Native Architects Favor Traditional Design
The young designers have formed a group at Arizona State University to work with tribes to create Native American communities inspired by traditional designs and symbols. They are reservation born Hopi, Navajo and Crow and want to see hogans along side modern homes and other building that are more architecturally designed for Arizona’s climate which can become a distinctive part of a community.
Only one of the young planners has worked with the Navajo Nation to provide a working example of how it can improve the image of the Nation’s capitol, Window Rock. The remainder of the group are novices getting experience with the assistance of ASU.
Daniel Glenn, sub-director of ASU’s Stardust Center for Affordable Homes and Family is from Montana’s Crow Tribe. “The traditional dwelling of indigenous peoples of this continent were climate specific, culturally specific responses to both the pragmatic and spiritual dimensions of each tribe,” he said.

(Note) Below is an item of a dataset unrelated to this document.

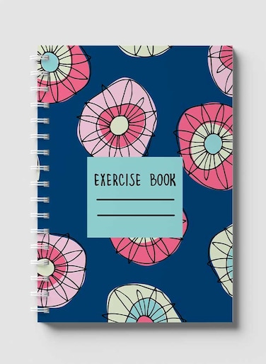 لوحة دفتر سلك ٦٠ ورقة بغلاف من الورق المقوى بتصميم كتاب التدريبات مع زهور ملونه، لتسجيل الملاحظات وتدوين التذكيرات للعمل أو الجامعة أو المدرسة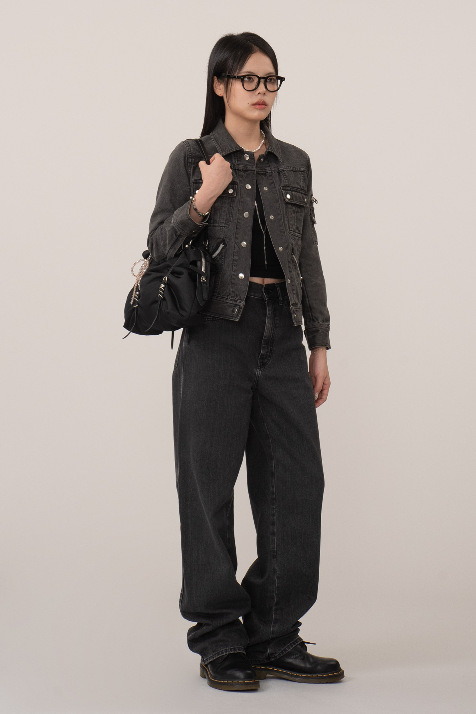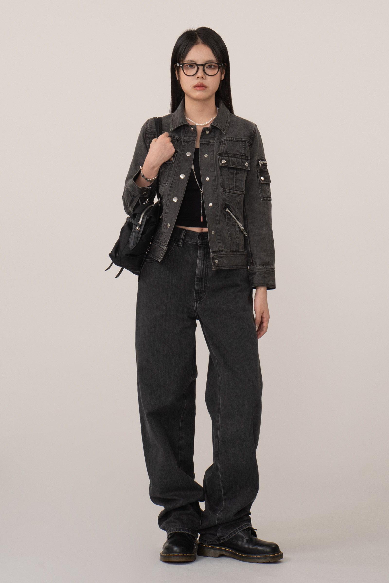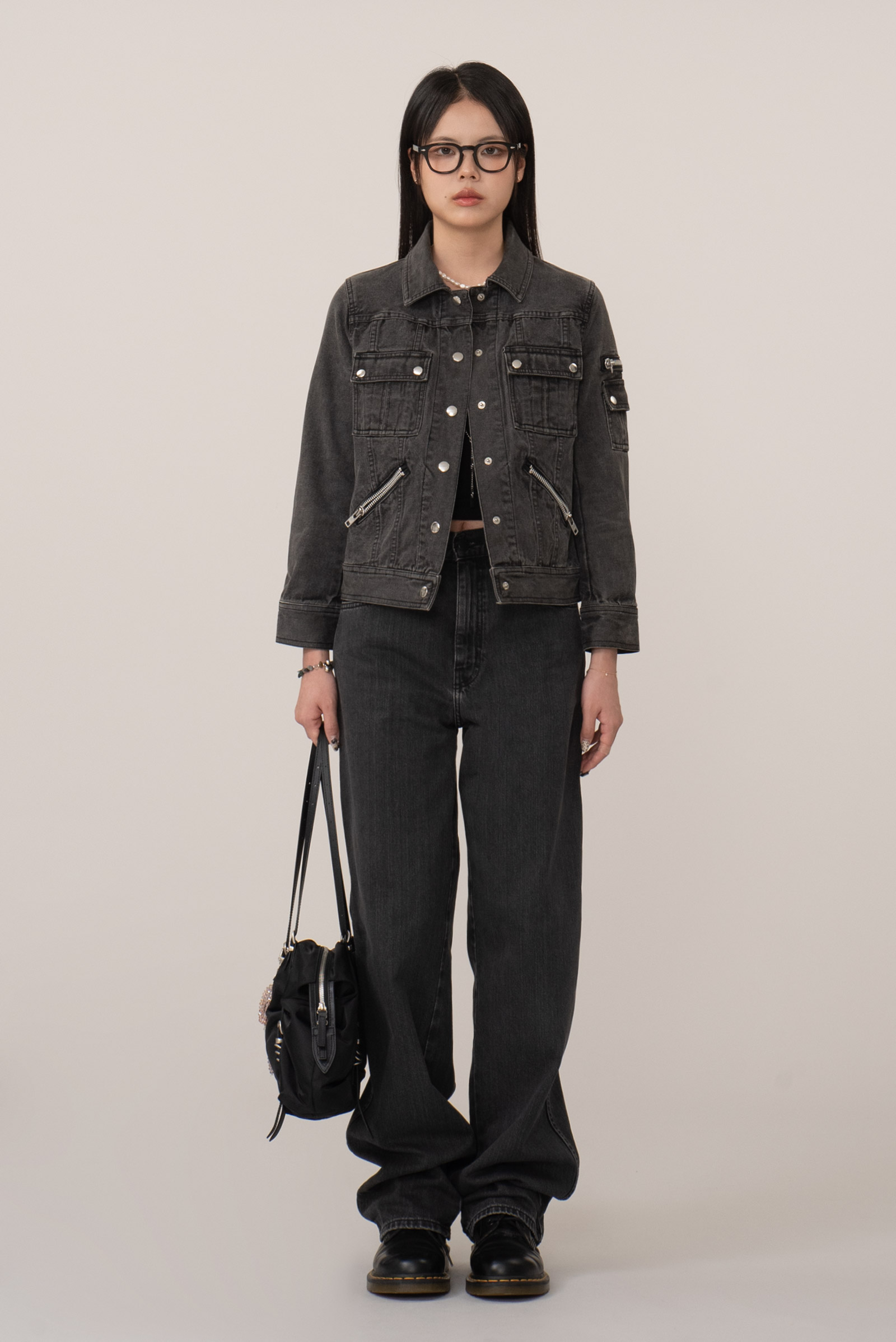 블랙 데님 특유의 자연스러운 워싱, 탄탄한 소재감으로 실루엣을 살리며 크롭 소매와 기장감이 답답하지 않아 보여 좋네요.

The group called Navajo Nation Capitol Studio worked on a housing project this summer in Nageezi, New Mexico. Above all, the designer’s were aware of the needs of an elderly Navajo couple.
The home termed the “Augustine Residence” will be dedicated this coming Thursday on August 11th. The public is invited to attend the ceremony. The event will be hosted by the Augustine family and the Arizona State University Stardust Center. For more information contact Glenn at (480) 727-5453.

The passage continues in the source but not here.